**** GIVEN ENTRIES ****

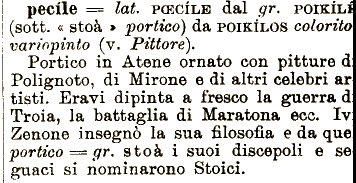 ar fisti. Eravi dipinta a fresco la guerra d Troia, la battaglia di Maratona ecc. Iv Zenone insegnò la sua in Atene ornato con pittare d: Polignoto, pecile = lat. PCECILE dal gr. POIKILI (sott. « stoà » portico) da POIKÌLOS colorito variopinto (v. Pittore). Portico di Mirone e di altri celebri filosofia e da que portico == gr. stoà i suoi discepoli e se guaci si nominarono Stoici.
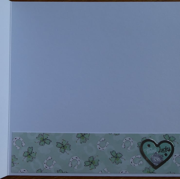 Inside the card there is a band of matching card across the bottom edge with a heart shaped message with a black cat and the words 'Think Lucky'.
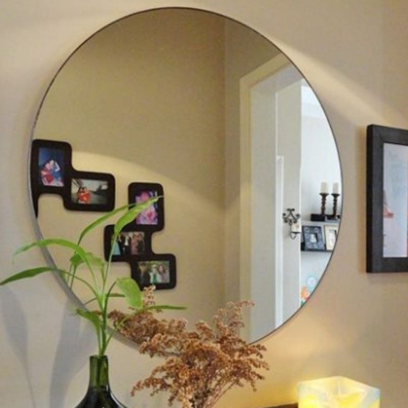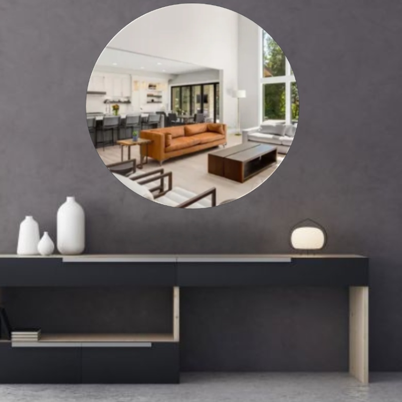 Nosso Espelho Redondo Decorativo feito em Vidro Cristal de 2mm, produto de ótima qualidade que foca bem a imagem e reflete sem distorções.
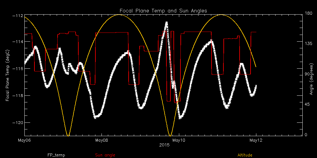 Weekly focal plane temperature with sun angle, earth angle, and altitude overplotted. Sun angle is the solar array angle, that is the angle between the sun and the optical axis (+X axis). The earth angle is the angle between earth and the ACIS radiator (+Z axis). Altitude varies from 34 kkm to 128 kkm.
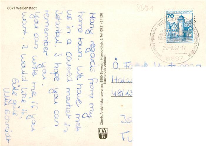 73941297 alte Postkarte Weissenstadt Bayern Panorama Kirche Brunnen postalisch gelaufen Erhaltung siehe scans [FriedD77] KatCode: 11110009479166
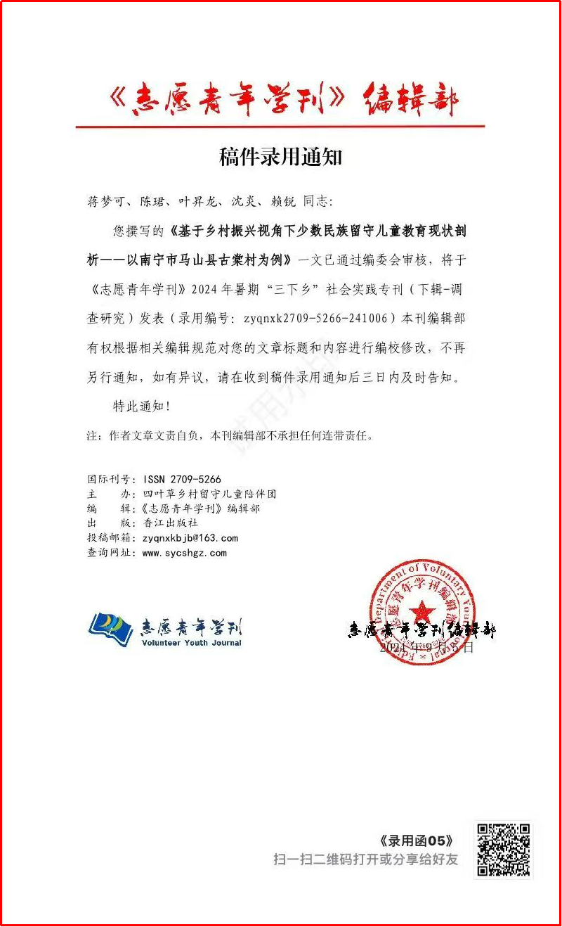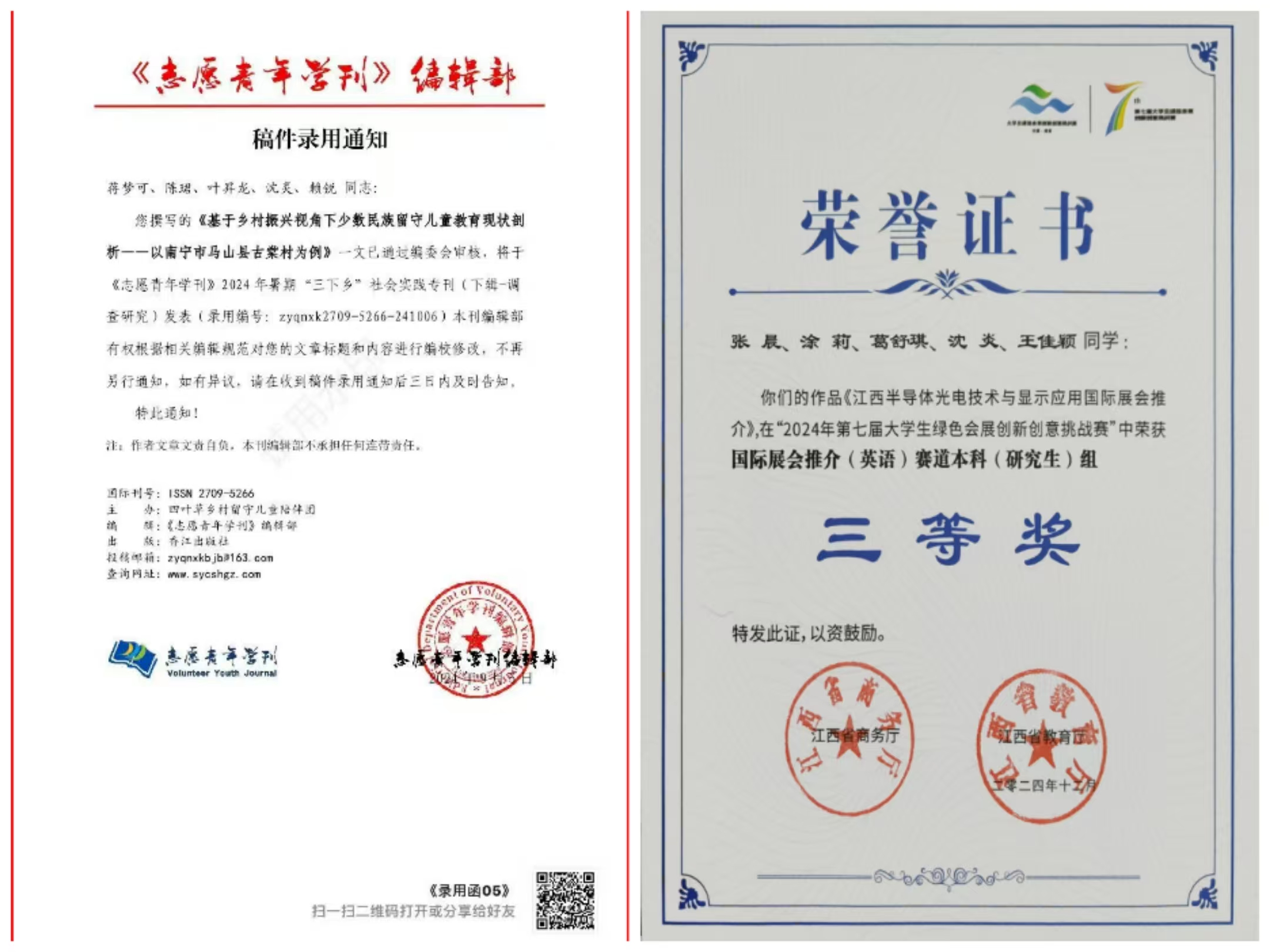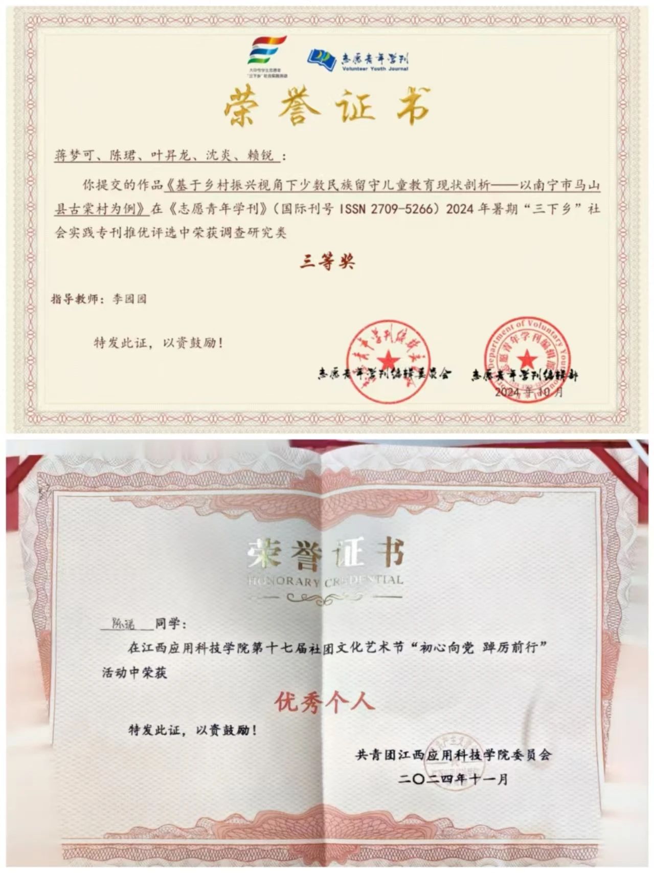 《志愿青年学刊》发刊一项,2024年暑期“三下乡”社会实践专刊推优评选荣获调查研究类三等奖,第十七届社团文化艺术节“优秀个人”。
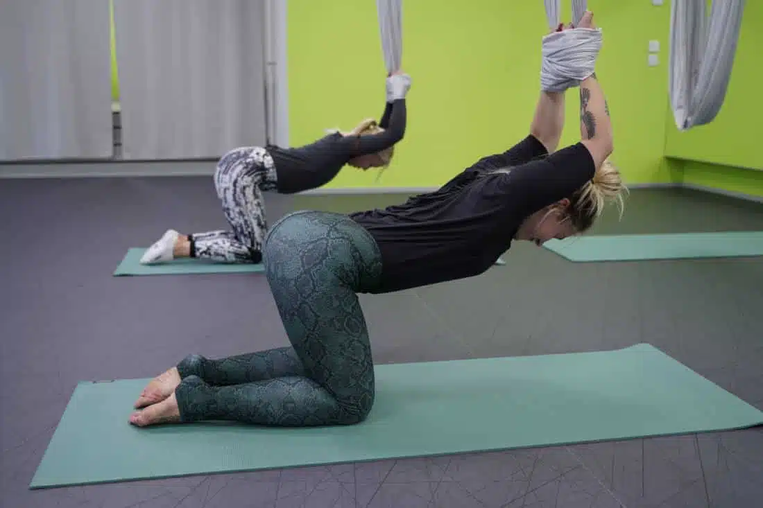 Ilmajoogakangasta käytetään apuna liikkeissä, jolloin se tuo lisätukea ja ohjaa liikkeen suuntaa. Kurssin edetessä päästään kokeilemaan monipuolisemmin erilaisia tapoja käyttää liinaa ja kokeillaan haastavampia asanoita. Kaikille löytyy sopiva versio ja voit aina jättää liikkeen edelliseen versioon. Asanoita ei tarvitse lähteä kehittämään haastavampaan, jos haluaa nautiskella edellisestä versiosta.
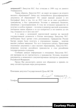 Связь между гражданством и образованием Максима Ликсутова прямая: он мог стать гражданином России в упрощенном порядке как выпускник российского вуза. В открытых источниках, в том числе в публикациях в СМИ, указано, что Ликсутов окончил два учебных заведения: Российскую экономическую академию им. Плеханова и Калининградский технический университет. Но в письме, которое Горбатов передал Кайфаджяну, утверждалось, что Ликсутов на самом деле не получал дипломов указанных вузов, а поэтому и гражданство России получил незаконно. Также там было сказано, что в Плехановскую академию по программе второго высшего образования Ликсутов поступил на основании диплома еще одного вуза – Московского государственного социального университета, в котором на самом деле не учился. Копией своего обращения на имя начальника ГУЭБиПК МВД России Дениса Сугробова Кайфаджян поделился с Радио Свобода.

****

> **TRY IT**
Could you reproduce exactly the lines running from the one with "73941297 alte Postkarte" through the final line of the listing above, both included, and drop the pictures?

> **SOLUTION TO THE PROBLEM**
 73941297 alte Postkarte Weissenstadt Bayern Panorama Kirche Brunnen postalisch gelaufen Erhaltung siehe scans [FriedD77] KatCode: 11110009479166
 《志愿青年学刊》发刊一项,2024年暑期“三下乡”社会实践专刊推优评选荣获调查研究类三等奖,第十七届社团文化艺术节“优秀个人”。
 Ilmajoogakangasta käytetään apuna liikkeissä, jolloin se tuo lisätukea ja ohjaa liikkeen suuntaa. Kurssin edetessä päästään kokeilemaan monipuolisemmin erilaisia tapoja käyttää liinaa ja kokeillaan haastavampia asanoita. Kaikille löytyy sopiva versio ja voit aina jättää liikkeen edelliseen versioon. Asanoita ei tarvitse lähteä kehittämään haastavampaan, jos haluaa nautiskella edellisestä versiosta.
 Связь между гражданством и образованием Максима Ликсутова прямая: он мог стать гражданином России в упрощенном порядке как выпускник российского вуза. В открытых источниках, в том числе в публикациях в СМИ, указано, что Ликсутов окончил два учебных заведения: Российскую экономическую академию им. Плеханова и Калининградский технический университет. Но в письме, которое Горбатов передал Кайфаджяну, утверждалось, что Ликсутов на самом деле не получал дипломов указанных вузов, а поэтому и гражданство России получил незаконно. Также там было сказано, что в Плехановскую академию по программе второго высшего образования Ликсутов поступил на основании диплома еще одного вуза – Московского государственного социального университета, в котором на самом деле не учился. Копией своего обращения на имя начальника ГУЭБиПК МВД России Дениса Сугробова Кайфаджян поделился с Радио Свобода.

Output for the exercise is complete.